Ferrovia Transnordestina avança no Nordeste com 81% da fase 1 concluída, novos aportes do FDNE e impasse sobre trecho até Suape

A Ferrovia Nova Transnordestina, empreendimento ferroviário estratégico formado pelos eixos EF-232 e EF-116, consolida-se como uma das principais obras de infraestrutura logística em execução no Brasil, ao avançar na ligação entre Eliseu Martins, no Piauí, e o Porto do Pecém, no Ceará, enquanto o trecho pernambucano até o Porto de Suape permanece no centro de debates técnicos, financeiros e institucionais. O projeto, conduzido pela Transnordestina Logística S.A. (TLSA) no trecho principal e articulado com recursos públicos por meio do Fundo de Desenvolvimento do Nordeste (FDNE), busca reduzir custos de transporte, ampliar a competitividade regional, integrar áreas produtoras do semiárido aos portos de águas profundas e reordenar a logística de cargas no Nordeste.
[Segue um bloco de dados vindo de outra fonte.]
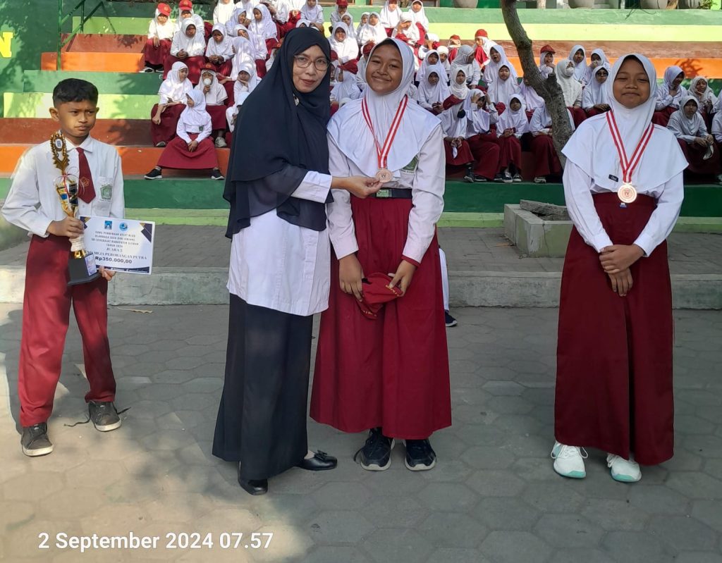 Kemenag Sleman News (MIN 2 Sleman) – Pada Senin (03/09/2024) seluruh siswa, guru dan pegawai MIN 2 Sleman mengikuti pelaksanaan upacar bendera di lapangan MIN 2 Sleman. Tak seperti biasanya, setelah upacara ini MIN 2 Sleman berikan apresiasi pada siswa berprestasi. Apresiasi ini diberikan kepada Kasyakur Akbar peraih Juara 3 Tenis Meja, Malayka Husna Kamila dan Aqmarina Aesha Naj’ba juara harapan 1 Voli. Mereka bertiga berlaga di even Olahraga Usia Dini Tingkat Kabupaten.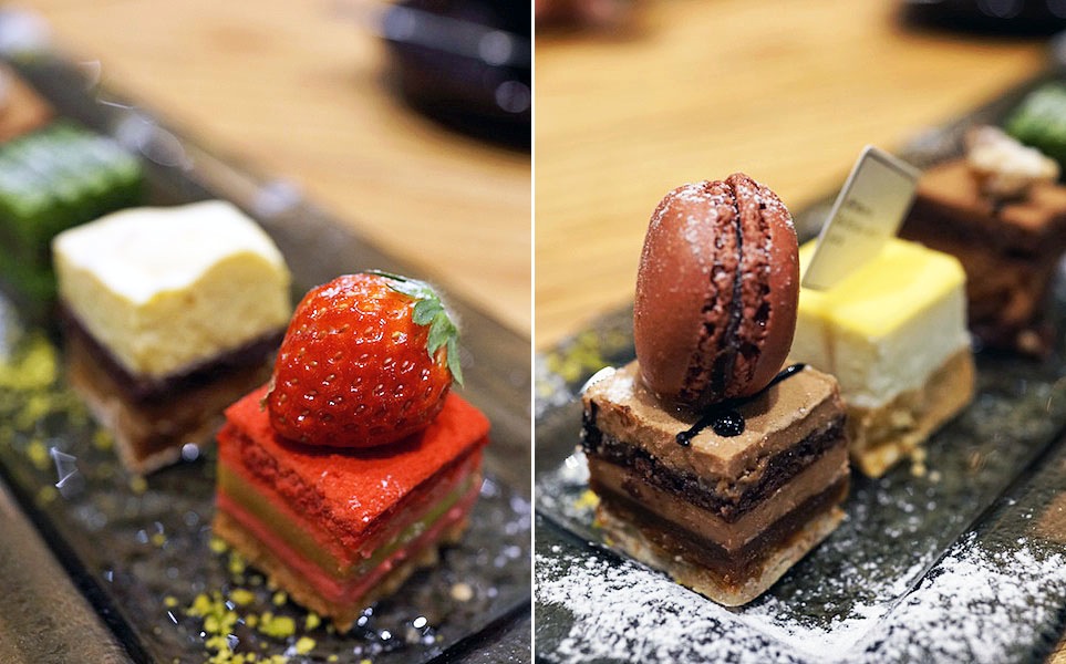 彼がパリで名をあげるキッカケになった抹茶のケーキや、季節のイチゴ、マカロン付きのフォンダンショコラと全部で6つのケーキがテイスティングサイズでやってくるプレートで、目にうつくしく、食べておいしい。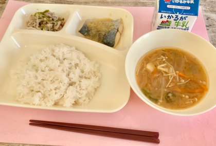 【ごはん、さごしのおろしじょうゆかけ、みそ汁、野菜いため、牛乳】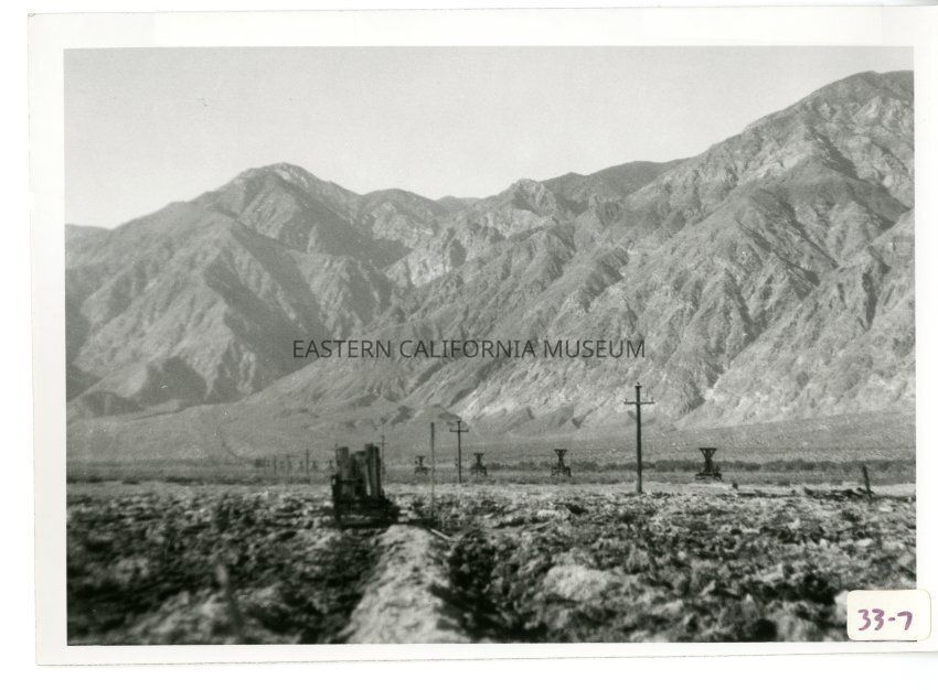 B/w photo of field (salt flats? windrows?) looking toward mountains. There are power lines, and also maybe trestles.

Projeto ferroviário busca integrar o interior produtivo aos portos do Nordeste

A Ferrovia Nova Transnordestina foi concebida para superar um dos gargalos históricos da economia nordestina: a baixa integração entre zonas produtoras do interior e estruturas portuárias capazes de operar cargas em escala nacional e internacional. A ferrovia foi planejada para atender cadeias ligadas ao agronegócio, mineração, indústria, cimento, fertilizantes, combustíveis e granéis sólidos, com impacto potencial sobre custos logísticos, prazos de escoamento e competitividade regional.

O projeto original previa uma malha de aproximadamente 1.753 quilômetros, conectando o cerrado piauiense, em Eliseu Martins, aos portos de Pecém, no Ceará, e Suape, em Pernambuco. Com a repactuação contratual formalizada em 2022, a fase atualmente sob responsabilidade da TLSA passou a concentrar a execução da ligação entre o Piauí e o Pecém, com cerca de 1.206 a 1.209 quilômetros, atravessando 53 municípios.
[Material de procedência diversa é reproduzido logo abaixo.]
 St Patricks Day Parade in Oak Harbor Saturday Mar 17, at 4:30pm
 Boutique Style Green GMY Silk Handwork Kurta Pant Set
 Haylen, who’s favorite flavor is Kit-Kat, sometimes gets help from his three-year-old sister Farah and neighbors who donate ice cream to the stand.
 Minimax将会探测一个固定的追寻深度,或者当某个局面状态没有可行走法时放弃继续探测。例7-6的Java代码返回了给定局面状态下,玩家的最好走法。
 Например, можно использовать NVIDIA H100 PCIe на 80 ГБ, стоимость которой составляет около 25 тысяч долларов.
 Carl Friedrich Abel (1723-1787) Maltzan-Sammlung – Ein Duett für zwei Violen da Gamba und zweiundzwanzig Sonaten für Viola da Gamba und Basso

Essa reorganização alterou o desenho operacional do empreendimento. O eixo até o Pecém tornou-se a frente mais avançada da obra, enquanto o trecho Salgueiro–Suape, devolvido ao poder público, passou a depender de estudos, modelagem institucional e decisões sobre financiamento, execução e futura concessão.
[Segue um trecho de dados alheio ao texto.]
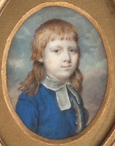 A portrait miniature of a young boy wearing a blue coat and white bands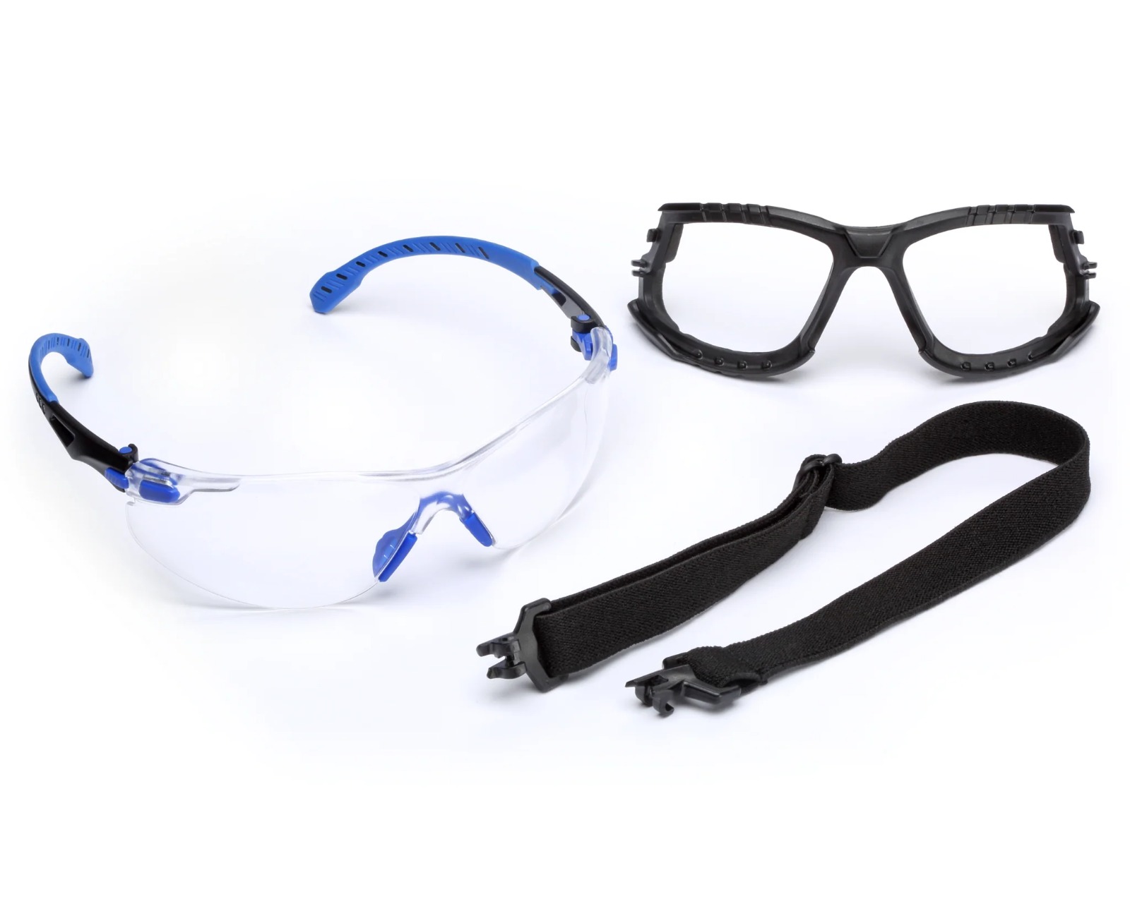 El kit de gafas protectoras 3M™ Solus™ Serie 1000 incluye unas gafas con un marco negro y azul de bajo perfil y lentes transparentes con recubrimiento anti-empañante Scotchgard™
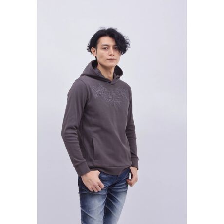 今季のテーマ性を象徴する「トライバル柄」を、フロント胸元と背面に大胆かつ緻密な刺繍で表現したプルオーバーパーカーです。

Fase 1 concentra avanço físico e novas liberações financeiras

A fase 1 da Transnordestina, que liga áreas produtivas do Piauí ao litoral cearense, alcançou cerca de 81% de execução em junho de 2026. O empreendimento já recebeu aproximadamente R$ 9,8 bilhões em investimentos, dentro de orçamento total estimado em R$ 15 bilhões, segundo informações divulgadas pelo Governo Federal.

Entre os marcos recentes, a obra registrou avanço diário histórico na montagem de trilhos, com 1,69 quilômetro de ferrovia concluído em um único dia, durante a instalação de 3,36 quilômetros de trilhos no Lote 5, em Quixeramobim, no Ceará. O desempenho antecede novas entregas previstas no trecho cearense, incluindo a conclusão de segmentos adicionais e a incorporação de vagões graneleiros à operação.

O financiamento permanece decisivo para a continuidade da obra. Em maio de 2026, o Banco do Nordeste (BNB) liberou R$ 41,2 milhões, terceira parcela do ano para a Transnordestina. Os recursos integram o financiamento do FDNE, voltado ao trecho entre Eliseu Martins e o Complexo Industrial e Portuário do Pecém. Em 2026, os desembolsos já haviam superado R$ 300 milhões, com previsão de novas liberações condicionadas ao avanço físico do empreendimento.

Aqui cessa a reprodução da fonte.